**RAW DATA**.
######

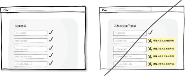 對用戶輸入的數(shù)據(jù),盡量放寬限制,包括格式,大小寫什么的。這樣做可以更人性化一點,也使得界面更加友好。一個再恬當不過的例子就是讓用戶輸入電話號碼的時候,用戶有很多種輸入方式,帶括號的,帶破折號的,帶空格的,帶區(qū)號和不帶區(qū)號的等等。如果你在代碼中來處理這些格式的問題,代價也只是你一個人多寫幾行代碼而以,卻可以減少無數(shù)用戶的工作量。
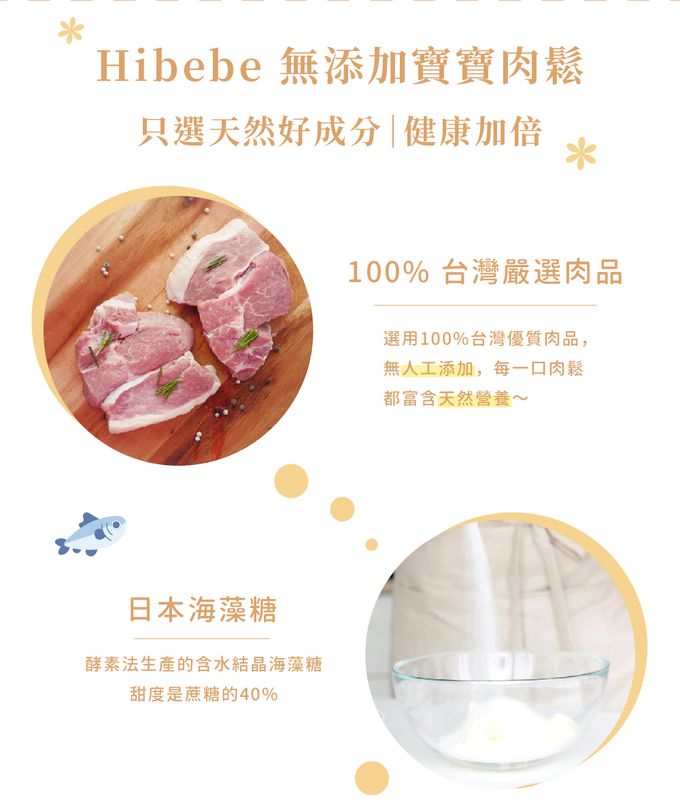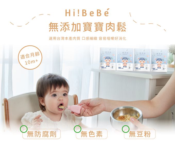 HIBEBE 無添加寶寶肉鬆系列▪細緻口感 營養好消化▪ 奶奶的愛 x 營養師配方▪ 使用台灣嚴選肉品,無任何人工添加▪ 寶寶肉鬆只選天然新鮮食材 增加寶寶食慾及補充營養▪ Hibebe 與 Bebefood寶寶福德聯名,給孩子吃到最好且無負擔▪ 寶寶肉鬆3秒簡單料理快速上桌,讓孩子大口吃飯飯
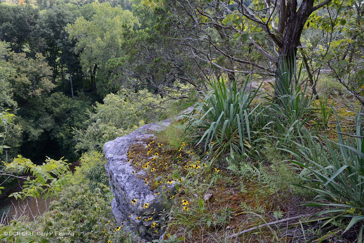 Cây thùa lá yếu (Yucca flaccida), cây cúc thơm (Symphyotrichum oblongifolium) và cây cúc nón ba thùy (Rudbeckia triloba var. triloba) dưới cây tuyết tùng đỏ phía đông (Juniperus virginiana) trong rừng đá vôi trên đỉnh vách đá dọc theo Sông Powell ở The Cedars of Lee County. Khu bảo tồn thiên nhiên Beech Grove Cliff. © DCR-DNH, Gary P. Fleming
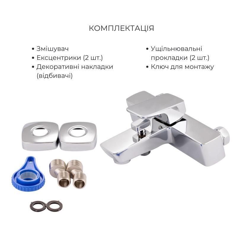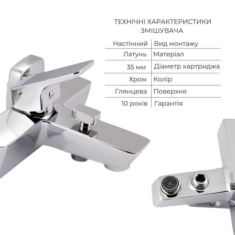 Комплект для ванни Qtap Namesti: Змішувач QTNAM3025102DC + Лійка QTRUC125CRM45779+ Шланг QTHADPVC160C +

######

**ACTIVITY**.
Reproduce every line of the data above, exactly as it stands, but not the pictures.

**TASK OUTPUT**.
 對用戶輸入的數(shù)據(jù),盡量放寬限制,包括格式,大小寫什么的。這樣做可以更人性化一點,也使得界面更加友好。一個再恬當不過的例子就是讓用戶輸入電話號碼的時候,用戶有很多種輸入方式,帶括號的,帶破折號的,帶空格的,帶區(qū)號和不帶區(qū)號的等等。如果你在代碼中來處理這些格式的問題,代價也只是你一個人多寫幾行代碼而以,卻可以減少無數(shù)用戶的工作量。
 HIBEBE 無添加寶寶肉鬆系列▪細緻口感 營養好消化▪ 奶奶的愛 x 營養師配方▪ 使用台灣嚴選肉品,無任何人工添加▪ 寶寶肉鬆只選天然新鮮食材 增加寶寶食慾及補充營養▪ Hibebe 與 Bebefood寶寶福德聯名,給孩子吃到最好且無負擔▪ 寶寶肉鬆3秒簡單料理快速上桌,讓孩子大口吃飯飯
 Cây thùa lá yếu (Yucca flaccida), cây cúc thơm (Symphyotrichum oblongifolium) và cây cúc nón ba thùy (Rudbeckia triloba var. triloba) dưới cây tuyết tùng đỏ phía đông (Juniperus virginiana) trong rừng đá vôi trên đỉnh vách đá dọc theo Sông Powell ở The Cedars of Lee County. Khu bảo tồn thiên nhiên Beech Grove Cliff. © DCR-DNH, Gary P. Fleming
 Комплект для ванни Qtap Namesti: Змішувач QTNAM3025102DC + Лійка QTRUC125CRM45779+ Шланг QTHADPVC160C +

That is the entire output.